After converting the entire farm to no-till by 2002, they returned to lentils in 2005. By then varieties had improved and the family was running a semi-controlled-traffic program, except in their hay paddocks.

Wade NickollsWade Nickolls with chickpea seed at his Pinnaroo property. Photo: Danielle Nickolls

Wade says they do not have a standard rotation, preferring to remain flexible and base crop choice on soil nutrient levels – they test regularly for nitrogen, phosphorus and sulfur – and the spectrum of problem weeds in an individual paddock.
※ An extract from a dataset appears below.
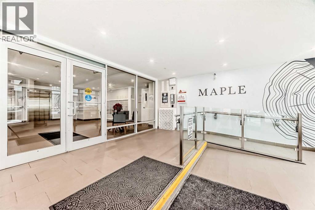 Bright ground-floor 1-bedroom condo in The Maple, a 55+ community in Calgary’s University District. This 537 sq ft open-concept unit features 9’ ceilings, vinyl plank flooring, and large triple-pane windows for abundant natural light. The kitchen offers quartz countertops, stainless steel appliances, and a central island. Enjoy direct access to a private, south-facing patio—no elevator required. The home includes a spacious bedroom, modern 3-piece bathroom, in-suite laundry, and barrier-free design throughout. Titled underground heated parking included. Residents have access to Cambridge Manor amenities, including optional dining, fitness facilities, salon services, and social programming. Conveniently located near shopping, transit, the University of Calgary, and Foothills Hospital. (id:63190)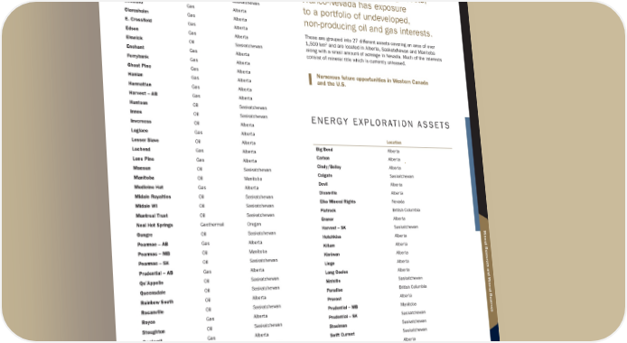 Location: AB / MB / SK, Canada & Nevada, U.S | Operator: Various Royalty: 0.1-18% and WI: 2-100% In addition to its producing assets, Franco-Nevada has exposure to a portfolio of undeveloped, non-producing oil and gas interests. These are grouped into 27 different assets covering an area of over 1,500 km 2 and are located in Alberta, Saskatchewan and Manitoba along with a small amount of acreage in Nevada. Much of the interests consist of mineral title which is currently unleased. E N E R G Y E X P L O R AT I O N A S S E T S Location Big Bend Alberta Carbon Alberta Cindy/Belloy Alberta Colgate Saskatchewan Devil Alberta Dixonville Alberta Elko Mineral Rights Nevada Flatrock British Columbia Granor Alberta Harvest – SK Saskatchewan Hotchkiss Alberta Killam Alberta Kimiwan Alberta Liege Alberta Long Coulee Alberta Melville Saskatchewan Paradise British Columbia Provost Alberta Prudential – MB Manitoba Prudential – SK Saskatchewan Steelman Saskatchewan Swift Current Saskatchewan Touchwood Alberta Turner Alberta W. Calling Lake Alberta Widewater Alberta O T H E R P R O D U C I N G E N E R G Y A S S E T S E N E R G Y E X P L O R AT I O N A S S E T S Location Alameda Oil Saskatchewan Alida Oil Saskatchewan Benson Oil Saskatchewan Carnduff Oil Saskatchewan Cessford Gas Alberta Claresholm Gas Alberta E. Crossfield Gas Alberta Edson Gas Alberta Elswick Oil Saskatchewan Enchant Gas Alberta Ferrybank Gas Alberta Ghost Pine Gas Alberta Hanlan Gas Alberta Harmattan Gas Alberta Harvest – AB Gas Alberta Huntoon Oil Saskatchewan Innes Oil Saskatchewan Inverness Oil Alberta Laglace Gas Alberta Lesser Slave Oil Alberta Lochend Gas Alberta Lone Pine Gas Alberta Macoun Oil Saskatchewan Manitoba Oil Manitoba Medicine Hat Gas Alberta Midale Royalties Oil Saskatchewan Midale WI Oil Saskatchewan Montreal Trust Oil Saskatchewan Neal Hot Springs Geothermal Oregon Oungre Oil Saskatchewan Pearmac – AB Gas Alberta Pearmac – MB Oil Manitoba Pearmac – SK Oil Saskatchewan Prudential – AB Gas Alberta Qu’Appelle Oil Saskatchewan Queensdale Oil Saskatchewan Rainbow South Oil Alberta Rocanville Oil Saskatchewan Royce Gas Alberta Stoughton Oil Saskatchewan Swalwell Gas Alberta Tidewater Oil Saskatchewan Viewfield Oil Saskatchewan Watts/Craig Oil Alberta Numerous future opportunities in Western Canada and the U.S. Franco-Nevada Corporation ★ 115 TSX / NYSE: FNV

“We’re harvesting a lot more grain from the cereals,” he says. “So, we need to be putting nitrogen back in. As lentils and some of the other legumes have become more profitable for us, we’ve had to tighten up our rotations, as in having more legumes in the program, so there’s definitely no set rotation. Growing wheat on wheat on wheat would be very simple really, but it’s just not achievable.”

Wade says they still apply significant volumes of fertiliser in the cereal phase, especially when it follows lentils, which have shown themselves efficient at producing enough nitrogen for their own use but do not leave a lot behind for the next year.

There was a massive swing towards lentils as the region’s growers rushed to take advantage of high prices and new varieties that were more suited to lower-rainfall zones. But fluctuating prices and a downward price trend in the past two years have taken some of the heat out of the market.

“Less than half the lentils are grown here compared to five years ago because of the price,” Wade says. “I think most people are getting a bit of a steady rotation. There’s still a portion of field peas and beans and there’s still lupins on the sandy country, which is pretty important to a lot of people.”

Discussion group helps

Wade says being a member of the Pinnaroo Pulse Check discussion group, established in 2017 as part of the Southern Pulse Extension project, has been “really thought-provoking”. Regardless of whether growers were growing their first or 20th legume crop, he says the exchange of ideas is healthy and helpful.

“Everyone’s using different agronomists, so you’re not all doing the exact same and you can pick and choose a bit and challenge your own agronomist,” he says.

“The other thing is, we don’t just talk about lentils, we’re talking about beans, chickpeas and other things we’ve tried and gone away from and whether we should go back to them. The plant breeders need a pat on the back, because the varieties are getting better, they’re listening and they’re getting things through quicker that are going to help us.”

Wade says he and Chad have previously tried growing chickpeas but found them more susceptible to disease and less reliable for yield than lentils. They grow lupins most years and know they can grow a “beautiful stand of faba beans”, which can handle frost but not hot wind at flowering.

To be honest, if we could grow a bean, it would be really good because I’d love to swap it up between beans and lentils,” he says. “And if we can have a profitable bean that we could harvest a decent crop off each year? That’s on the wish list.”